HOW TO COMPLETE THIS TASK
Once the line containing "A friend of" is found in the records below, return it and each following line exactly, up to and including the line containing "В прошедшем матче", and nothing else.

:: RECORDS PROVIDED

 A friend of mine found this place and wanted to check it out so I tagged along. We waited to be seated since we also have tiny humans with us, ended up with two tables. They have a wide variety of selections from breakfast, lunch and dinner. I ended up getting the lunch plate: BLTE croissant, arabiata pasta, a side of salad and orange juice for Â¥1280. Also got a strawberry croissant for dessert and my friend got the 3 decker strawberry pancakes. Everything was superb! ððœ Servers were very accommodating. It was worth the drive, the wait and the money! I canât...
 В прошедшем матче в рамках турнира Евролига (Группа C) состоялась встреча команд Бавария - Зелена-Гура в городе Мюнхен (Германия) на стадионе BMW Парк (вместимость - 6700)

::::
:: RECORDS PROVIDED

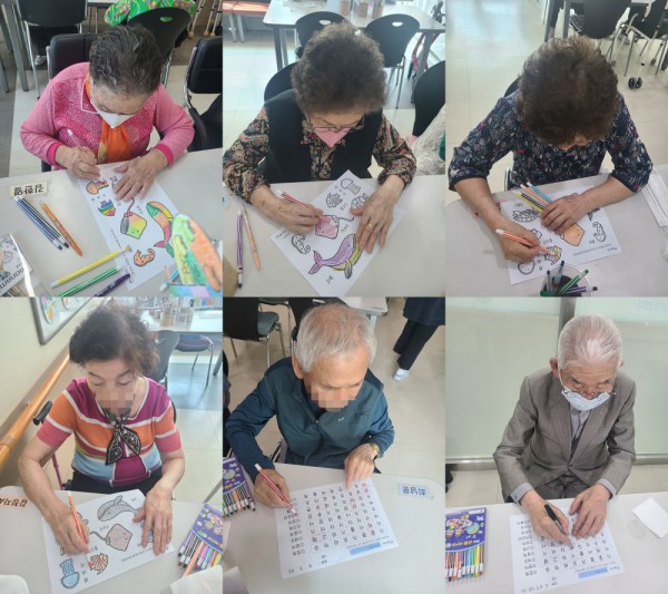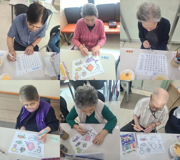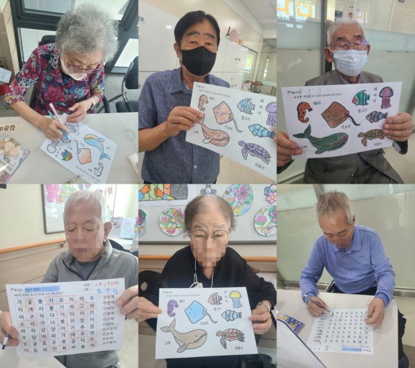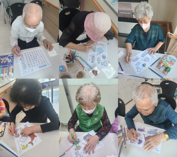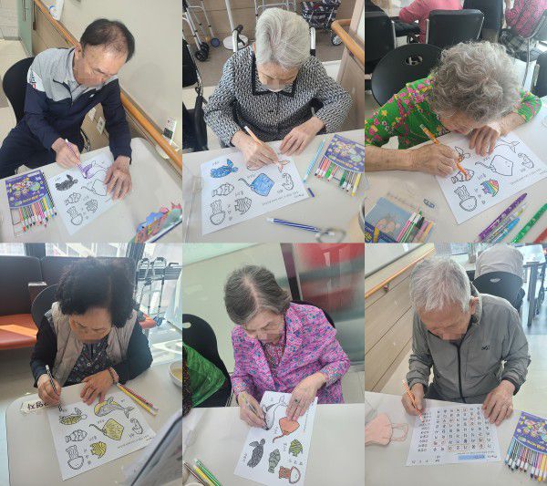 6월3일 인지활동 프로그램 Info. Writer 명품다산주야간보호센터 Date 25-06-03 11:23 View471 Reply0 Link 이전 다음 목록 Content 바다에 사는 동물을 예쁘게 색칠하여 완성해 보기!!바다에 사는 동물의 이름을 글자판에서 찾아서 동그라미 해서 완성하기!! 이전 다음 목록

::::
:: RECORDS PROVIDED

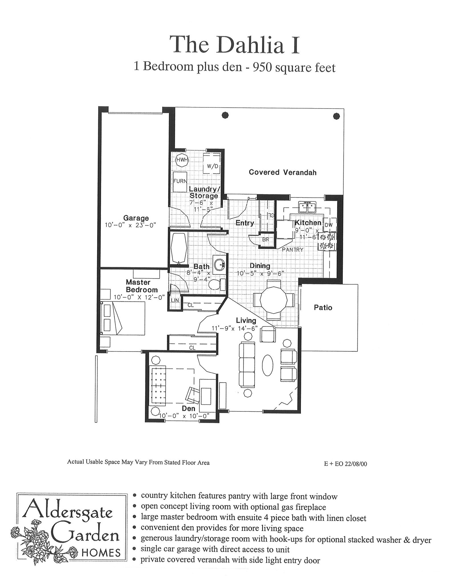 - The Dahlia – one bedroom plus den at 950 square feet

::::

RESULT OF THE EXERCISE
 A friend of mine found this place and wanted to check it out so I tagged along. We waited to be seated since we also have tiny humans with us, ended up with two tables. They have a wide variety of selections from breakfast, lunch and dinner. I ended up getting the lunch plate: BLTE croissant, arabiata pasta, a side of salad and orange juice for Â¥1280. Also got a strawberry croissant for dessert and my friend got the 3 decker strawberry pancakes. Everything was superb! ððœ Servers were very accommodating. It was worth the drive, the wait and the money! I canât...
 В прошедшем матче в рамках турнира Евролига (Группа C) состоялась встреча команд Бавария - Зелена-Гура в городе Мюнхен (Германия) на стадионе BMW Парк (вместимость - 6700)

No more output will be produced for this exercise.